4_13_martin 

PEKAN PASKAH II (P)
Santo Martinus I, Paus;  Santa Margaretha dari Metola

Bacaan I: Kis. 4:23-31

Mazmur: 2:1-3.4-6.7-9; R:12d

Bacaan Injil: Yoh. 3:1-8

Adalah seorang Farisi yang bernama Nikodemus, seorang pemimpin agama Yahudi. Ia datang pada waktu malam kepada Yesus dan berkata: ”Rabi, kami tahu, bahwa Engkau datang sebagai guru yang diutus Allah; sebab tidak ada seorang pun yang dapat mengadakan tanda-tanda yang Engkau adakan itu, jika Allah tidak menyertainya.” Yesus menjawab, kata-Nya: ”Aku berkata kepadamu, sesungguhnya jika seorang tidak dilahirkan kembali, ia tidak dapat melihat Kerajaan Allah.” Kata Nikodemus kepada-Nya: ”Bagaimanakah mungkin seorang dilahirkan, kalau ia sudah tua? Dapatkah ia masuk kembali ke dalam rahim ibunya dan dilahirkan lagi?” Jawab Yesus: ”Aku berkata kepadamu, sesungguhnya jika seorang tidak dilahirkan dari air dan Roh, ia tidak dapat masuk ke dalam Kerajaan Allah. Apa yang dilahirkan dari daging, adalah daging, dan apa yang dilahirkan dari Roh, adalah roh. Janganlah engkau heran, karena Aku berkata kepadamu: Kamu harus dilahirkan kembali. Angin bertiup ke mana ia mau, dan engkau mendengar bunyinya, tetapi engkau tidak tahu dari mana ia datang atau ke mana ia pergi. Demikianlah halnya dengan tiap-tiap orang yang lahir dari Roh.”

Renungan

Masih ingatkah kita saat malam Paskah lalu? Tentu saja kita masih ingat dengan segar karena peristiwa tersebut baru terjadi beberapa hari yang lalu. Pada saat malam Paskah biasanya dinyanyikan pujian Paskah (Exultet), ”Bersoraklah nyanyikan lagu gembira….dst”, lalu kita juga mendengar dan menyanyikan litani para kudus (jika ada baptisan baru), sungguh menyentuh hati dan dengan haru kita sendiri pun mengulang janji Baptis. Bukan hanya itu saja yang kita saksikan dan dengarkan, tetapi ada baptisan orang-orang dewasa, di mana mereka telah menjalani masa katekumenat selama hampir setahun dan menerima rahmat Sakramen Baptis pada malam Paskah. Mengapa bisa? Mengapa mereka mau dibaptis saat sudah besar, dan mengapa mereka memilih Kristus?Tentu saja ini juga menjadi pertanyaan bagi kita semua.
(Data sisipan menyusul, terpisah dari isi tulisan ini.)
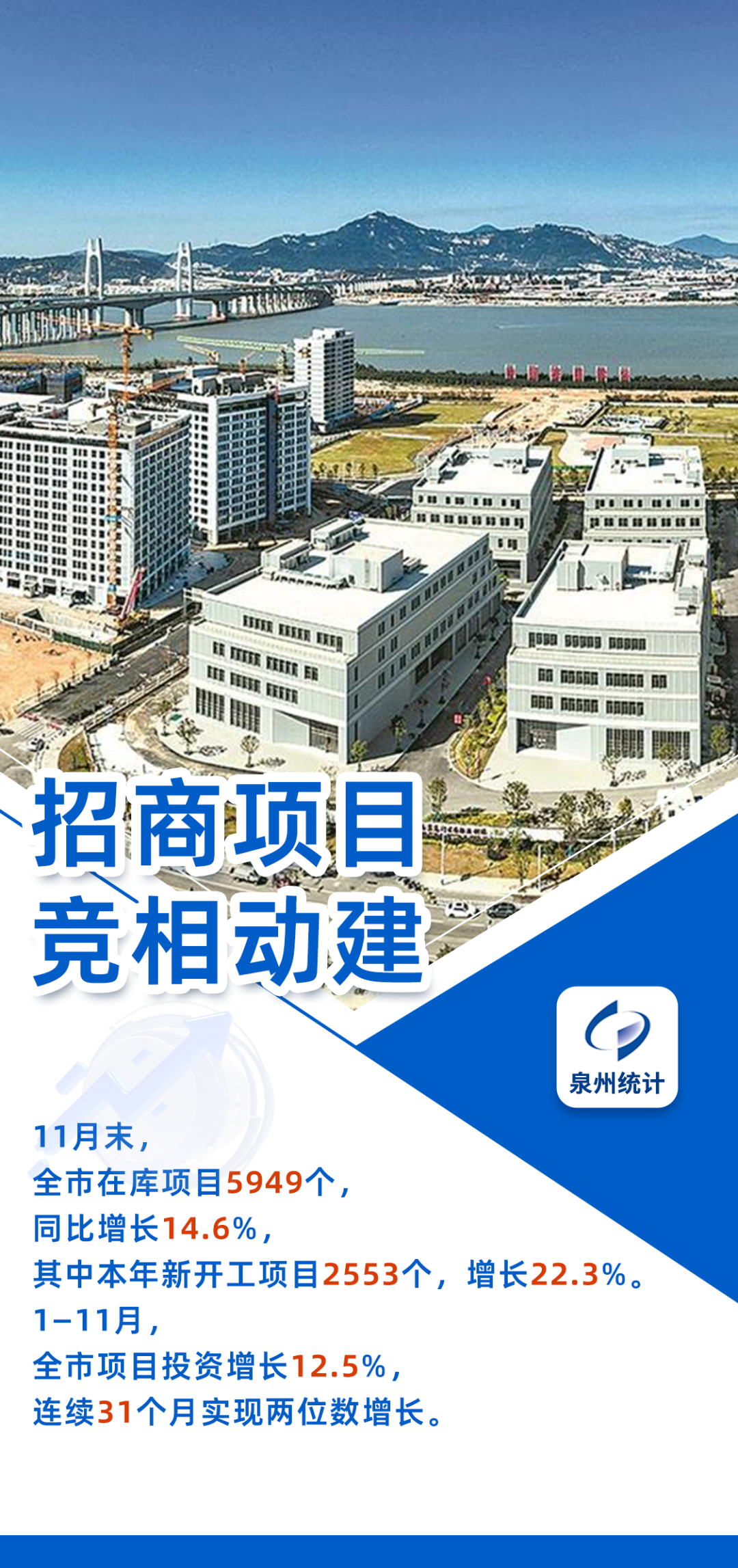 一是招商项目竞相动建。11月末,全市在库项目5949个,增长14.6%,其中本年新开工项目2553个,增长22.3%。

Selaras dengan sabda hari ini, yang mengisahkan tentang Nikodemus seorang pemimpin Yahudi yang melihat tanda-tanda yang dibuat Kristus yang tak seorang pun mampu mengadakan tanda seperti yang dibuat Yesus. Dan Yesus pun menegaskan kepada kita bahwa kita semua harus dilahirkan dan sebaiknya masih perlu dilahirkan kembali dengan rahmat mengenal Allah yang benar melalui Yesus Kristus, sebab hanya melalui-Nya—yang adalah jalan, kebenaran, dan hidup— kita memperoleh keselamatan. Tanpa Yesus dan belas kasih Allah maka kita akan sulit mencari dan mendapatkan kejelasan tentang keselamatan tersebut. Maka, kita pun sudah seharusnya dilahirkan terus-menerus dalam nama Yesus tanpa memandang umur. Siapa pun, usia berapa pun, dan dalam keadaan apa pun, setiap orang dapat menerima Allah kapan pun juga. Sebab Roh Allah akan pergi ke mana pun ia mau untuk menyelamatkan domba-domba-Nya. Janganlah kamu heran. Allah bertindak maka semuanya terjadi.

Allah yang mahakudus, curahkanlah ke dalam hidupku sumber air keselamatan-Mu, agar aku mau diperbarui setiap saat, dimana pun aku berada dan kapan pun juga. Amin.